La medida, adelantada por el propio Ayuntamiento y recogida en el Plan Especial Urbanístico de Alojamiento Turístico (PEUAT), prevé que las más de 10.000 licencias activas que existen actualmente no puedan ser prorrogadas una vez expiren.

El objetivo es liberar vivienda para residentes y mitigar el impacto del turismo masivo en los barrios más tensionados.

Collboni justificó la decisión como “una medida de justicia social y de equilibrio urbano” y aseguró que el consistorio “no puede mirar hacia otro lado mientras miles de jóvenes y familias son expulsados de la ciudad por los precios del alquiler”.


Petición de «diálogo»


El anuncio ha generado una reacción inmediata en el sector turístico.

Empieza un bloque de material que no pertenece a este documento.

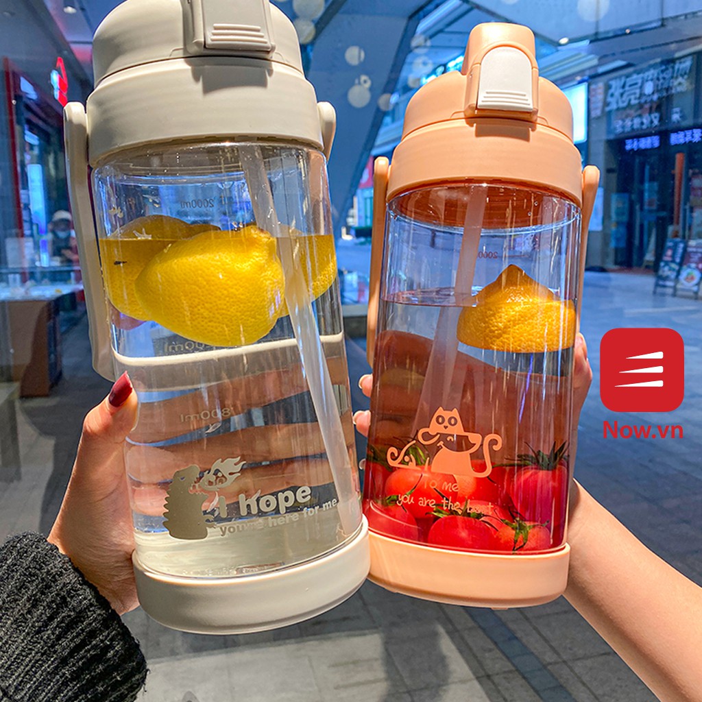 Giới thiệu Bình Nước Nhựa Siêu To Không Lồ Dung Tích 2 Lít Có Ống Hút Nút Bấm Án Toàn, Bình Đựng Nước Có Quai Xách Siêu Tiện Lợi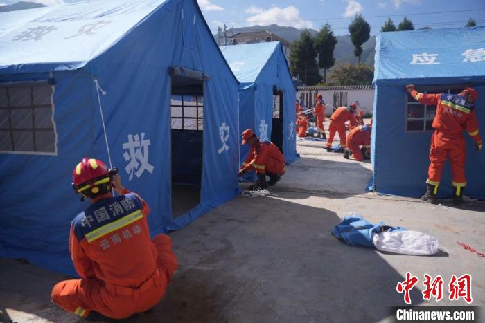 消防救援人员搭建帐篷。大理州政府新闻办 供图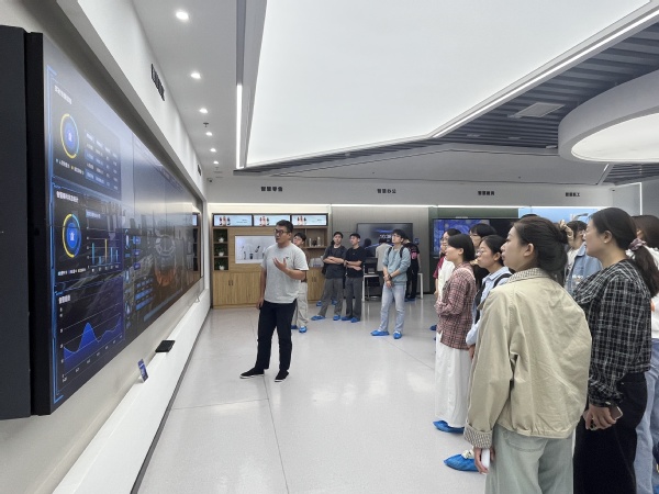 在青岛文达通科技股份有限公司,作为国内领先的智慧城市整体解决方案提供商,文达通致力于5G+AIoT技术在智慧社区、智能家居等场景中的融合应用。在交互式体验区,同学们亲身体验了指纹识别、手掌静脉识别、智能门控系统等前沿技术的实际操作,直观感受到数字化技术如何赋能日常生活与社会治理。这场“沉浸式”的科技之旅,不仅拓宽了同学们的专业视野,也启发了外语专业学生对未来“语言+技术”“沟通+智能”融合发展路径的新思考。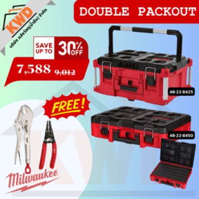 DOUBLE PACKOUT ชุดกล่องเครื่องมือช่าง Milwuakee ราคาพิเศษ PRO Q3/2025 จับชุดราคาพิเศษ พร้อมกับ Code ส่วนลดโคดดุ้ม เพื่อความคุ้มค่า พร้อมของแถมฉ่ำ ๆ รายละเอียดชุด DOUBLE PACKOUT ราคาระหว่าง 6,188 - 7,588 ตามตัวเลือก 1.ชุดกล่อง 48-22-8450 +48-22-8429 2.ชุดกล่อง 48-22-8450 +48-22-8425 3.ชุดกล่อง 48-22-8450 +48-22-8424 +48-22-8435 4.ชุดกล่อง 48-22-8450 +48-22-8435 +48-22-8396B 5.ชุดกล่อง 48-22-8450 +48-22-8435 +48-22-8436 6.ชุดกล่อง 48-22-8450 +48-22-8430 7.ชุดกล่อง 48-22-8450 +48-22-8431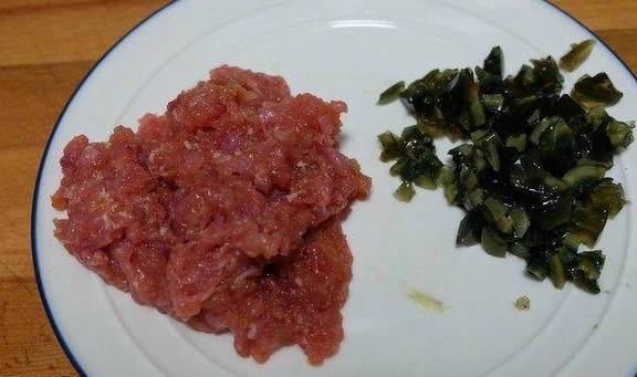 3、把瘦肉剁成肉沫,皮蛋切碎;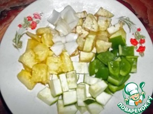 Овощи и ананас так же нарезать пропорциональными кубиками.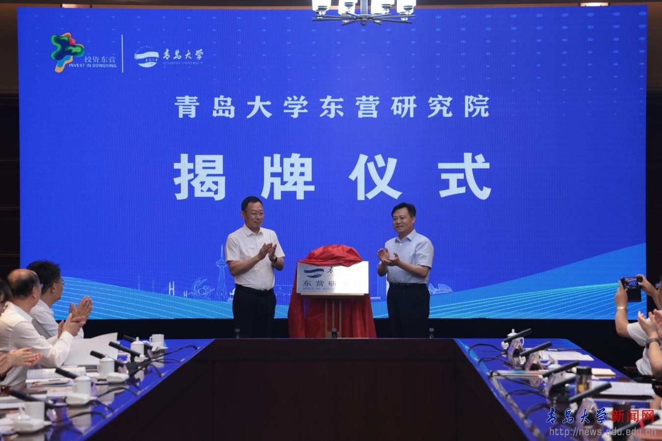 何憲卓和劉恩賢共同為青島大學(xué)東營研究院揭牌。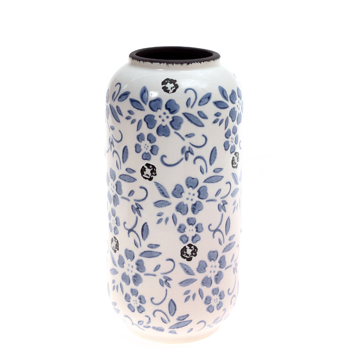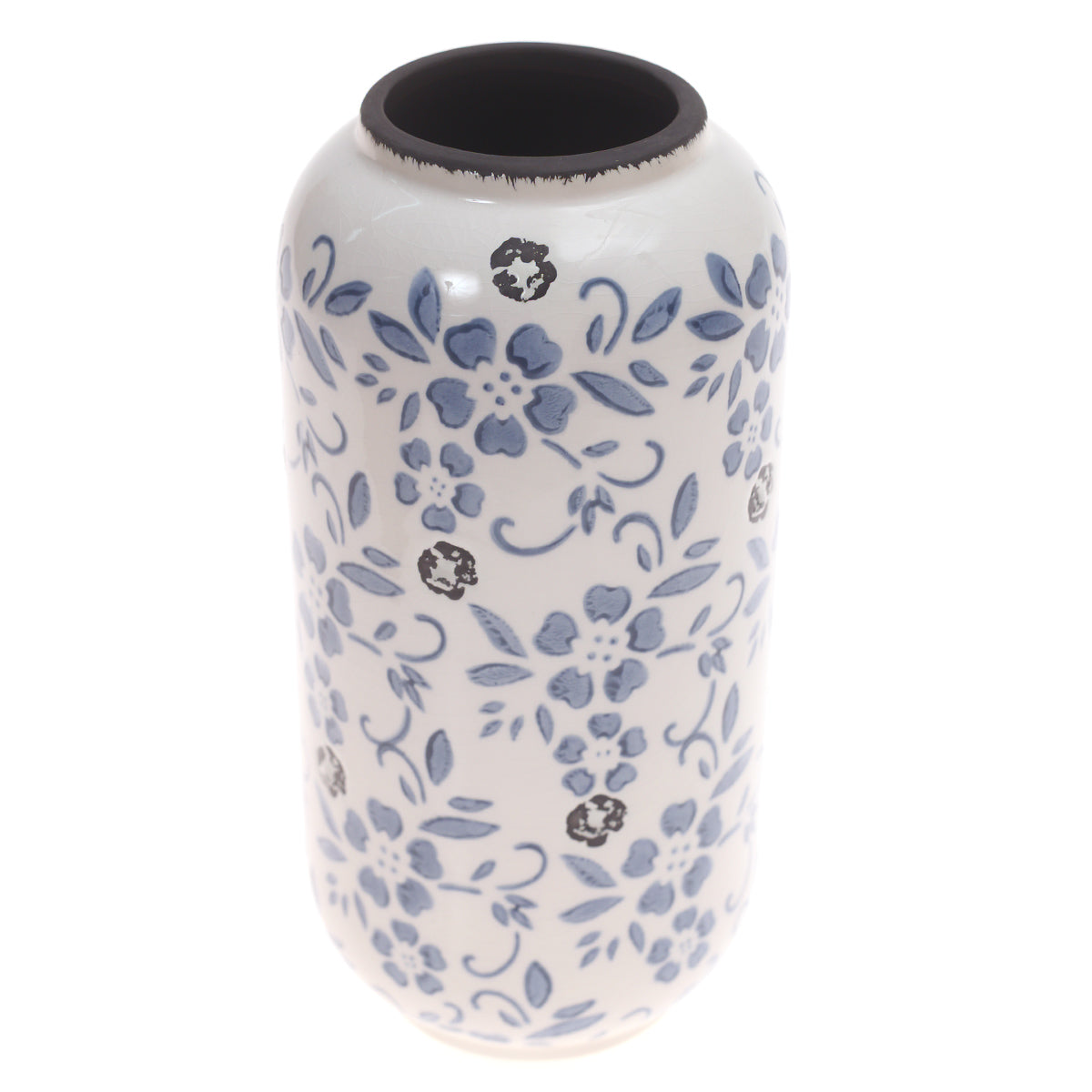 Ceramic Vase Flora Blue & White 4.85X4.85X9.5Inch CH-007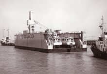 Het droogdok van OTRACO op sleep door de Nederlandse hoogzeesleepbootΒ "Oostzee" ,vertrekt naar Boma in Belgisch Congo.

Asociaciones de propietarios y plataformas digitales han criticado la medida por considerarla “drástica” y han advertido de que provocará la pérdida de ingresos y empleo vinculados al turismo urbano. Desde Airbnb, por su parte, han pedido diálogo y “una regulación equilibrada que no penalice al visitante responsable”.

El Ayuntamiento prevé abrir en 2026 un proceso de transición para reconvertir parte de estas viviendas en alquiler asequible o social, con incentivos a los propietarios que opten por mantener los pisos en el mercado residencial.

Con esta decisión, Barcelona se convierte en la primera gran ciudad europea en fijar una fecha concreta para el fin de las licencias turísticas. El consistorio confía en que la medida contribuya a reducir la presión inmobiliaria y a devolver miles de viviendas a los barceloneses antes del final del actual mandato municipal.